Dans une lettre adressée au ministre de la Protection des citoyens, au ministre des Migrations et de l’Asile et au ministre de la Marine et de la Politique insulaire de la Grèce, rendue publique aujourd’hui, la Commissaire aux droits de l’homme du Conseil de l’Europe, Dunja Mijatović, demande instamment aux autorités grecques de mettre fin aux opérations de refoulement aux frontières maritimes et terrestres avec la Turquie, et de veiller à ce que toute allégation de renvoi et de mauvais traitements par des membres des forces de sécurité dans le cadre de ces opérations fasse l’objet d’une enquête indépendante et effective.
Ces pratiques, largement dénoncées et attestées depuis de nombreuses années, empêchent les personnes directement refoulées à la frontière, hors de toute procédure et sans identification individuelle, de faire valoir les raisons pour lesquelles ces renvois porteraient atteinte à leurs droits, et de demander une protection. « Dans de telles situations, les États membres ne sont pas en mesure de s’assurer que ces renvois n’emportent pas violation, notamment, de l’article 3 de la Convention européenne des droits de l’homme et de l’interdiction de refoulement inscrite dans la Convention des Nations Unies relative au statut des réfugiés » souligne la Commissaire. « En outre, la manière dont ces opérations seraient menées est de toute évidence incompatible avec les obligations qui incombent à la Grèce en matière de droits de l’homme », ajoute-t-elle.

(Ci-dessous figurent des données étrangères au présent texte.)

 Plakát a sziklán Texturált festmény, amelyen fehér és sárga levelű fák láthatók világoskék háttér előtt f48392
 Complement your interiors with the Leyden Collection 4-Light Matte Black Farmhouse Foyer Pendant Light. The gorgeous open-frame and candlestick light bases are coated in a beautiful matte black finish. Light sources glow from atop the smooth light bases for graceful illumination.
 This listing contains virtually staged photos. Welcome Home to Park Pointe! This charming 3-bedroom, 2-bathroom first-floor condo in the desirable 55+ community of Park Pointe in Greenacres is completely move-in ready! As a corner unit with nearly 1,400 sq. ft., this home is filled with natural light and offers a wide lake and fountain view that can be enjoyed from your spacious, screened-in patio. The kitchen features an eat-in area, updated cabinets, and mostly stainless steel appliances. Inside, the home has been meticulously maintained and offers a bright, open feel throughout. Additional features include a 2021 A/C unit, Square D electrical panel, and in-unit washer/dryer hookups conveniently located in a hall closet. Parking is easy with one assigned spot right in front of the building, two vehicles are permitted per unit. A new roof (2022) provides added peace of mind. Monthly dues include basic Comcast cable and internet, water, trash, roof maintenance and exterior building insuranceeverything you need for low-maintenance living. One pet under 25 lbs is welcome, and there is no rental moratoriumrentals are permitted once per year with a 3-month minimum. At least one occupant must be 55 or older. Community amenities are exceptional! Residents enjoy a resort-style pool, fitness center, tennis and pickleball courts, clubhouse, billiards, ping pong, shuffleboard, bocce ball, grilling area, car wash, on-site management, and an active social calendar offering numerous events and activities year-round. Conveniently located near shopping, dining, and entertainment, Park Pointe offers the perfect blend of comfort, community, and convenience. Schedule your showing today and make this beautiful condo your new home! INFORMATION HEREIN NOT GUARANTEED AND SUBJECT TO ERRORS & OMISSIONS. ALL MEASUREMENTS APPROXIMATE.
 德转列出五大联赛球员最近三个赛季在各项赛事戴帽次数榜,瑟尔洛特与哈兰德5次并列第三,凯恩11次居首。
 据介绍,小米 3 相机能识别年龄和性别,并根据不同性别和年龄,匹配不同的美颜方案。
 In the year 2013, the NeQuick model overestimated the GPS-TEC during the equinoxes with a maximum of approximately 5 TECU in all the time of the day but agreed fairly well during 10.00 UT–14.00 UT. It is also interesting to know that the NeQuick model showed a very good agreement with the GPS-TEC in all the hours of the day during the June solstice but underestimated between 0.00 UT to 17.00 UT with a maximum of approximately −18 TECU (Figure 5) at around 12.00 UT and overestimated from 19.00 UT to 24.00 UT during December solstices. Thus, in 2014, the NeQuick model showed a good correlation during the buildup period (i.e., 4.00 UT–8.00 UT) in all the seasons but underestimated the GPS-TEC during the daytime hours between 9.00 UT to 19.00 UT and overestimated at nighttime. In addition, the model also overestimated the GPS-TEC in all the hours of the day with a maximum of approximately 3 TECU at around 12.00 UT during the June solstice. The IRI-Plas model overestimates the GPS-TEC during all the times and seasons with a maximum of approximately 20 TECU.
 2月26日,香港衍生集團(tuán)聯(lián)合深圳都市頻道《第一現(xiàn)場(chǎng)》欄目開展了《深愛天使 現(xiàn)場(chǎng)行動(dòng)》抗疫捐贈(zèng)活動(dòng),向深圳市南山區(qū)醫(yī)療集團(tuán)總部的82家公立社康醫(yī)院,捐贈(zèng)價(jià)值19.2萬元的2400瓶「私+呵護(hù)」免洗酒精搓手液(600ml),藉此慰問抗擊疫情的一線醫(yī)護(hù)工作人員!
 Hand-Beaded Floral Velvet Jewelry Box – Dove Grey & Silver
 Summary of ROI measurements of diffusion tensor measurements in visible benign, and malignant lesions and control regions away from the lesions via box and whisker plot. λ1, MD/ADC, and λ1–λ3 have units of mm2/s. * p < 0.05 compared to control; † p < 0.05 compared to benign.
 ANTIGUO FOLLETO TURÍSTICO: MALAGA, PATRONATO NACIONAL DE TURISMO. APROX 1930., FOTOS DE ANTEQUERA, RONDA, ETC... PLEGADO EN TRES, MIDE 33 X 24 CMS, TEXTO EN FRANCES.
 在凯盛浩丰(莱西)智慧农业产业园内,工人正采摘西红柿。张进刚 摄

Notant le rôle joué par les organisations de la société civile s’agissant de documenter et signaler les cas de refoulement, la Commissaire se déclare préoccupée par les tentatives visant à discréditer le travail des ONG œuvrant à la protection des droits des réfugiés, des demandeurs d’asile et des migrants et par les procédures d’enregistrement excessivement contraignantes qui risquent non seulement de fragiliser ces organisations, mais aussi de nuire à des milliers de réfugiés, demandeurs d’asile et migrants qui dépendent souvent de leur intervention pour bénéficier du respect de leurs droits élémentaires au quotidien. Par conséquent, elle demande aux autorités grecques de s’employer activement à créer et à maintenir un cadre juridique et un environnement politique et public propices à l’existence et au fonctionnement d’organisations de la société civile.
Concernant plus particulièrement les conditions d’accueil, la Commissaire souligne qu’il faut agir sans plus tarder pour améliorer les conditions de vie déplorables qui prévalent dans les centres d’accueil et d’identification, ajoutant que toutes les normes adéquates doivent être enfin respectées et le surpeuplement évité. Par ailleurs, les nouvelles structures d’accueil étant, selon certaines informations, appelées à fonctionner comme des centres fermés, Dunja Mijatović craint que cela ne se traduise par des privations de liberté massives et de longue durée. Elle prie instamment les autorités grecques de reconsidérer le caractère fermé de ces centres, de sorte que le régime applicable à ces structures préserve la liberté de circulation de leurs résidents, conformément aux normes pertinentes du Conseil de l’Europe.
Pour finir, la Commissaire rappelle que la politique de confinement des réfugiés, des demandeurs d’asile et des migrants sur les îles de la mer Égée est au cœur d’un grand nombre des problèmes rencontrés de longue date par la Grèce en termes de protection des droits de ces personnes. « J’espère fortement que les nouveaux centres d’accueil ne feront pas obstacle à un réexamen effectif de cette politique » conclut la Commissaire.